Zij, die waarlijk een goed hart bezitten, laten geen middel onbeproefd om hunne vrienden ter hulp te komen. Augusta begaf zich naar hare kamer, en begon een antwoord aan Nicolette te schrijven, waarin medelijden en liefde uitblonken, als twee flonkerende sterren aan het donker luchtgewelf. Met de blikken op de toekomst gericht, poogde zij haar te bemoedigen tot volharding in de studie, omdat zij daardoor, na nog een weinig geduld, stormenderhand de plaats in de maatschappij zou kunnen innemen, die haar volgens hare opvoeding en geleerdheid toebehoorde. Zij sprak haar van God, van de vaderlijke liefde des Allerhoogsten, van de onmogelijkheid van zegepraal zonder strijd, en van veel andere dingen, die indruk konden verwekken op hare verhevene ziel. Maar plotseling schoof zij het schrift weemoedig van zich af.
‘Mevrouw Zilverman moet het eerst overzien,’ dacht zij, ‘en die werpt het in de kachel. En, nadat zij opgemerkt heeft, hoezeer ik met juffer Zevenster ingenomen ben, en hoe ik haar eigen gedrag jegens de ongelukkige afkeur, vervalt het arme meisje nog dieper in ongenade dan voorheen.’
| |
| |
‘Mocht ik haar een bezoek geven,’ dacht zij verder; ‘men zou mij zonder argwaan met haar langs boschage en tuin laten wandelen; en door mijne belangstelling in haar lot zou zij meer kracht en moed scheppen. Op reis gaan - maar vader en moeder zullen alweêr met Frederik voor den dag komen. Hij zou die afwezigheid onder onze tegenwoordige omstandigheden zonderling vinden, zullen ze zeggen. Reeds door mijn engagement zit ik gebonden als eene slavin. Wat zal het later zijn?....’
Eindelijk mocht de goedhartige Augusta zich over eenen goeden inval verblijden.

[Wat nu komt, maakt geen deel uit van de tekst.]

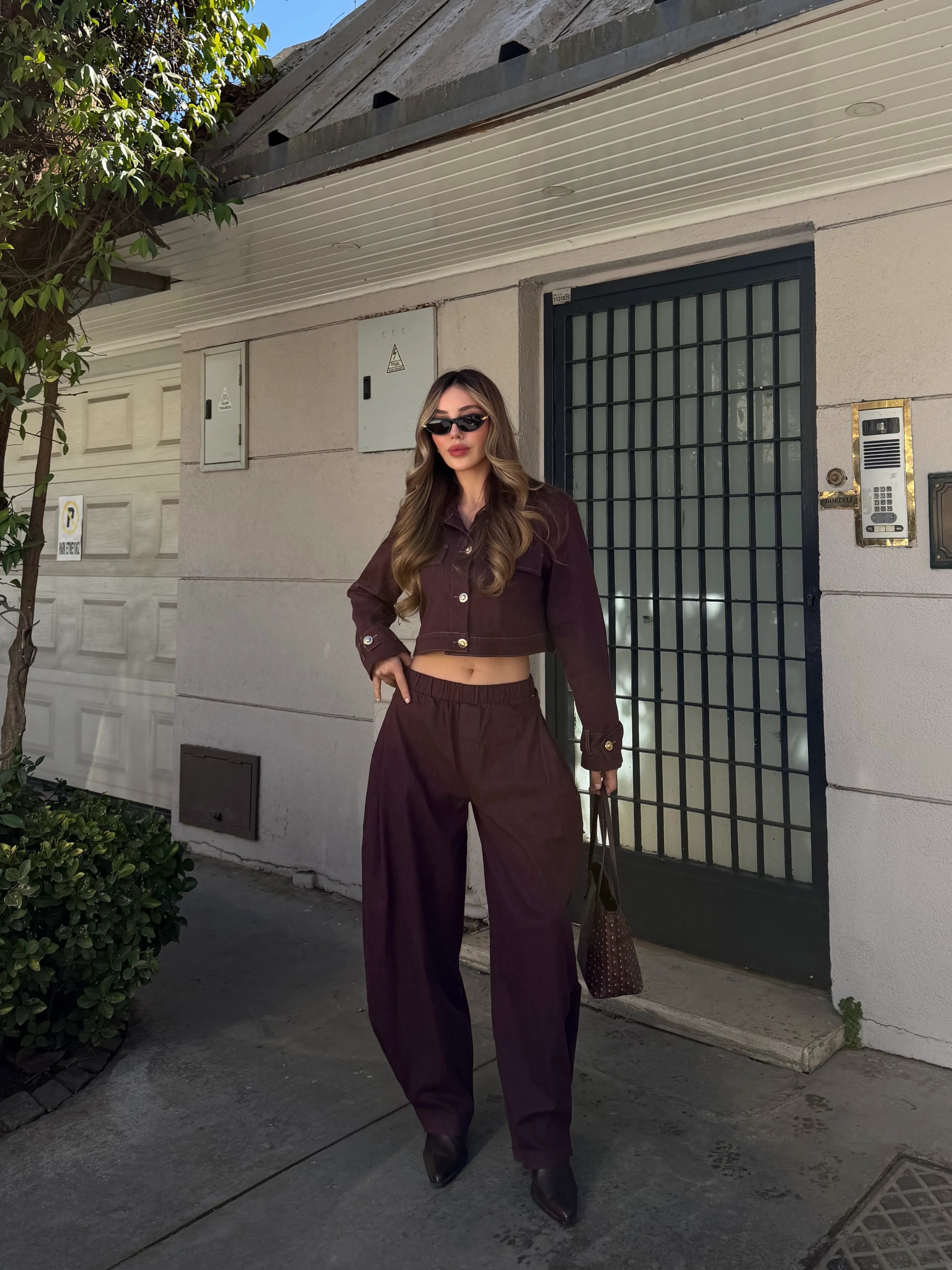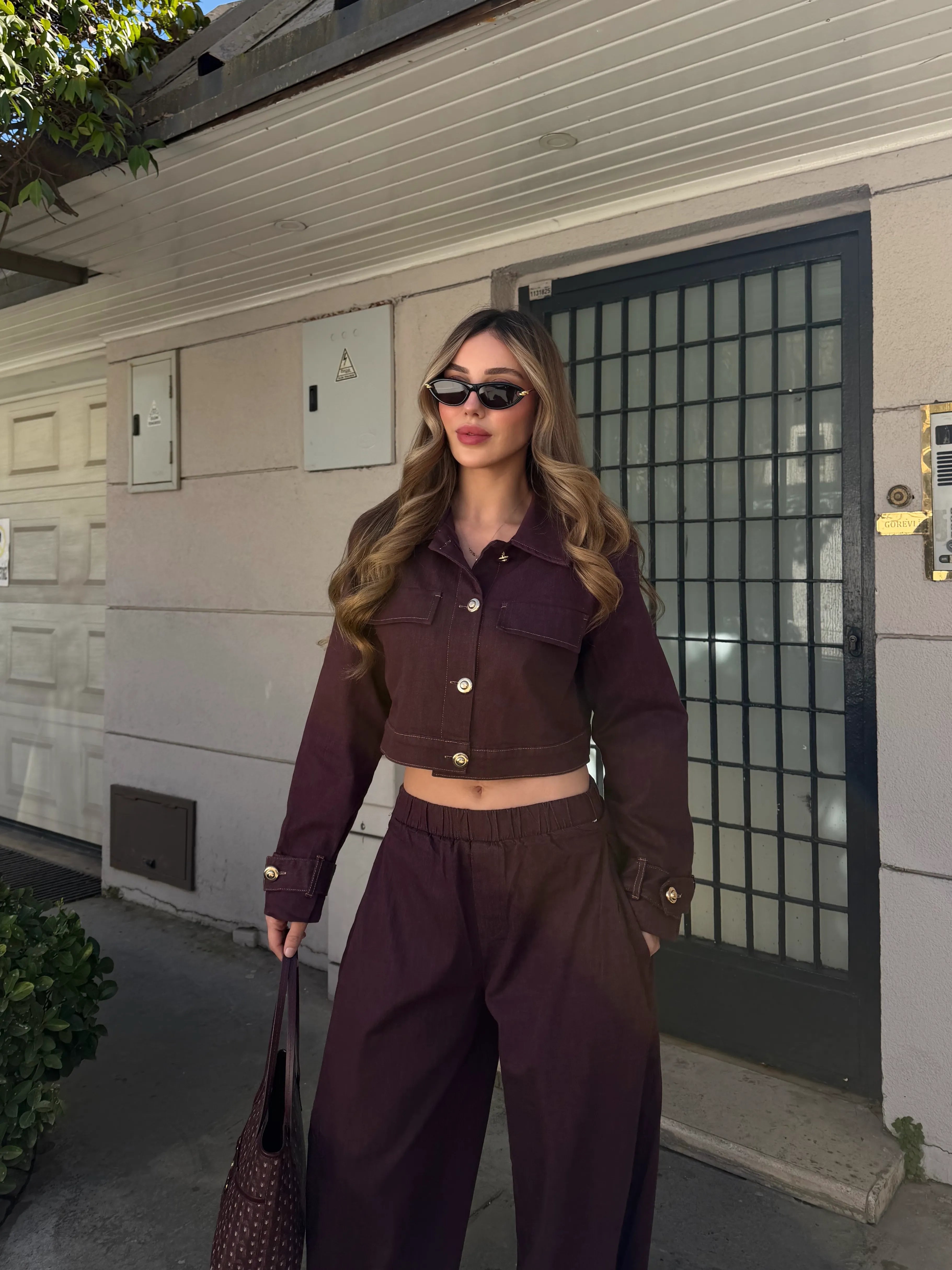 Modern tasarım anlayışının en seçkin örneklerinden biri olan bu set, derin mürdüm tonu ve yapısal formuyla gardırobunuzun temel parçası olmaya aday. Şehir hayatının dinamizmine uygun, hem ofis şıklığında hem de akşam etkinliklerinde tercih edilebilir.

‘Ik zal aan Bettemie schrijven,’ riep zij uit: ‘jonkvrouw van Doertoghe is nog vrij als de vogel in 't woud. Die zal raad weten.’ En ditmaal plaatste zij zich met een opgeruimd gemoed aan de schrijftafel en schreef aan de schoolvriendin een uitgebreid verslag over den toestand van de zoo zwaar beproefde Nicolette.
Het antwoord van Bettemie liet zich niet lang wachten. Met omgaande post ontving Augusta de blijde tijding, dat jonkvrouw van Doertoghe reeds met weinige woorden aan juffer Zevenster had geschreven, dat deze den volgenden maandag haar bezoek mocht verwachten.
Augusta was dus eenigszins bevredigd, hoewel het haar bitter griefde, vreemde hulp te moeten inroepen, tot het verrichten van een liefdewerk, en daarbij vroeg zij zich af, welke rol haar later op het maatschappelijk tooneel zou te beurt vallen, daar zij van nu af niets meer was dan eene nietsbeduidende figurante.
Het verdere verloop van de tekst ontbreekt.